Does Sonography Allow an Objective and Reproducible Distinction Between Stable, Hypermobile and Unstable Elbow Joints?

Kirschbaum Stephanie, Plachel Fabian, Kerschbaum Maximillian, Gerhard Christian, Thiele Kathi
Journal of Shoulder and Elbow Surgery 2021 January 19

INTRODUCTION: The diagnosis of residual or chronic elbow instability is often challenging. Sonography therefore allows a dynamic examination of the elbow joint without any radiation exposure. The purpose of this prospective single-center study was to investigate the application of sonography for the evaluation of ligamentous instabilities of the elbow joint. Therefore, asymptomatic (stable) and acute dislocated (unstable) elbows were examined by sonography.

METHODS: A total of 72 elbows in 36 participants (23 females, 13 male, 40 years ± 17 [range, 18-82]) were examined. Group 1 (G1 (normal)) included 40 unaffected, asymptomatic elbow joints. Twenty-eight elbows belonged to 14 voluntary participants (bilateral), 12 asymptomatic elbows belong to the patients who suffered from an acute elbow dislocation (contralateral elbow). Group 2 (G2 (hypermobile)) included 20 hypermobile elbow joints in 10 participants (bilateral) and group 3 (G3 (unstable)) included 12 acute unstable elbow joints without bony lesion. Radiographic assessment included sonography of both elbow joints with standardized measurements of the neutral and stressed radiocapitellar and ulnohumeral distances (as delta-values (Δ)). Two investigators independently performed all measurements. Additionally plain radiographs and MRI of the affected elbow joints were carried out within G3 (unstable).

RESULTS: At the radial side, the mean radiocapitellar -Δ was statistically higher in G3 - unstable (2.2 ± 1.6 mm) than in G1 (normal) (0.5 ± 0.4 mm; p<0.01) or G2 (hypermobile) (0.8 ± 0.6 mm; p<0.01). G3 (unstable) showed also an increased ulnohumeral-Δ (2.7 ± 0.7 mm) compared to G1 (normal) (1.0 ± 0.7 mm; p<0.01) or G2 (hypermobile) (0.9 ± 0.3 mm; p<0.01).
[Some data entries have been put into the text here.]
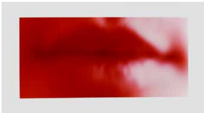
Sam Samore, Oasis #2 , 1990

Photographie couleur 92 x 166 cm Collection Frac Poitou-Charentes
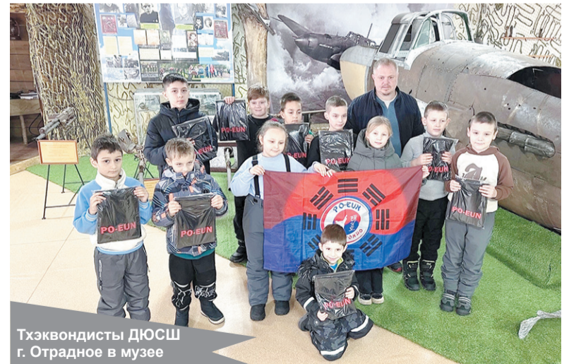
Тхэквондисты ДЮСШ г. Отрадное в музее

Благодарим организатора экскурсии и тренера команды
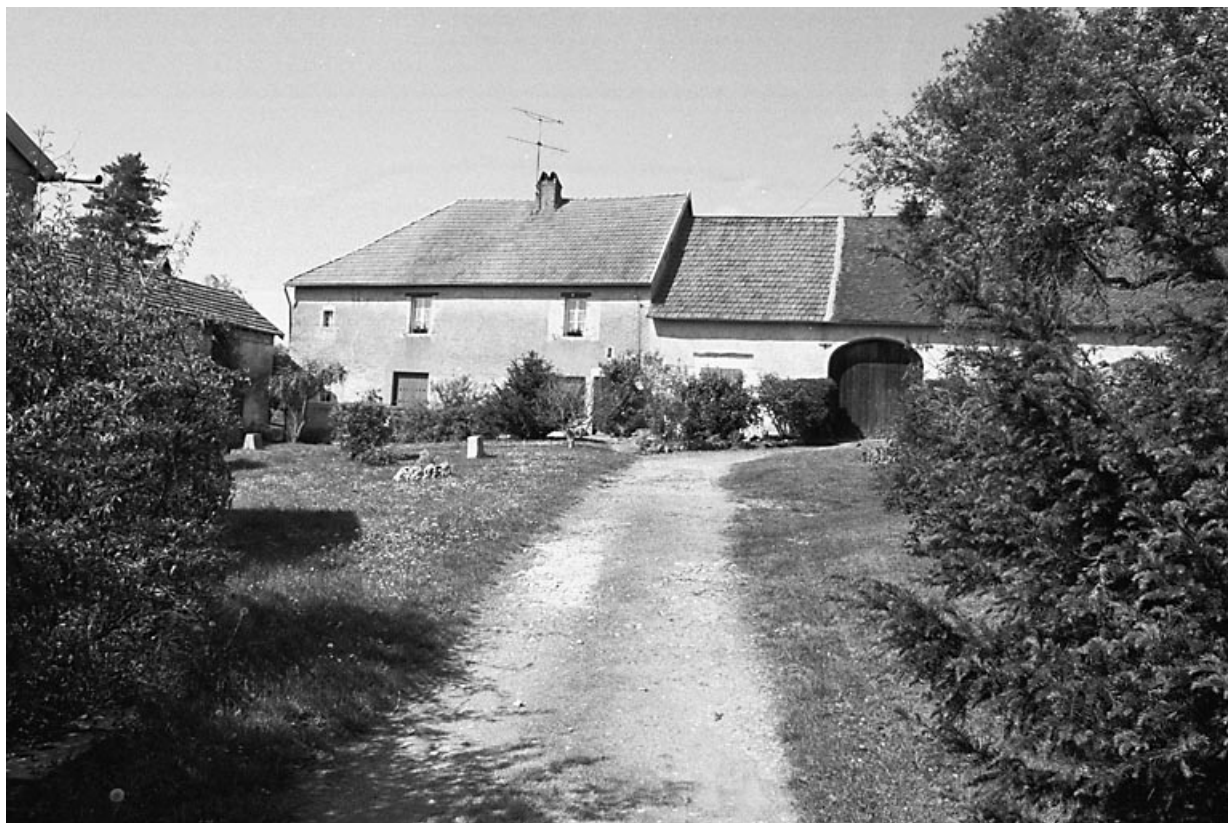
Vue d'ensemble depuis l'entrée de la cour.

No significant differences in the mean radiocapitellar -Δ (p=0.06) and ulnohumeral-Δ (p=0.26) were found between G1 (normal) and G2 (hypermobile). Within G3 (unstable), there was a significant higher Δ at the affected elbow joint compared to the contralateral unaffected elbow joint (radial: p=0.04; ulnar: p=0.04). The interrater correlation coefficient (ICC) was 0.82 for the radial side and 0.74 for the ulnar side. Patient with collateral ligament injury, diagnosed in MRI, showed higher Δ to those with intact collateral ligaments although no significant difference was found.

CONCLUSION: Sonography of the elbow joint is a valuable imaging tool for the assessment of ligamentous instability. Nevertheless, a distinction between healthy and hypermobile elbow joints is not possible and therefore, obtaining a complete clinical history and examination is vital. We further recommend comparing the affected elbow joint with the contralateral side in order to access intraindividual differences.

LEVEL OF EVIDENCE: Level III; Case-Control Design; Diagnostic Study.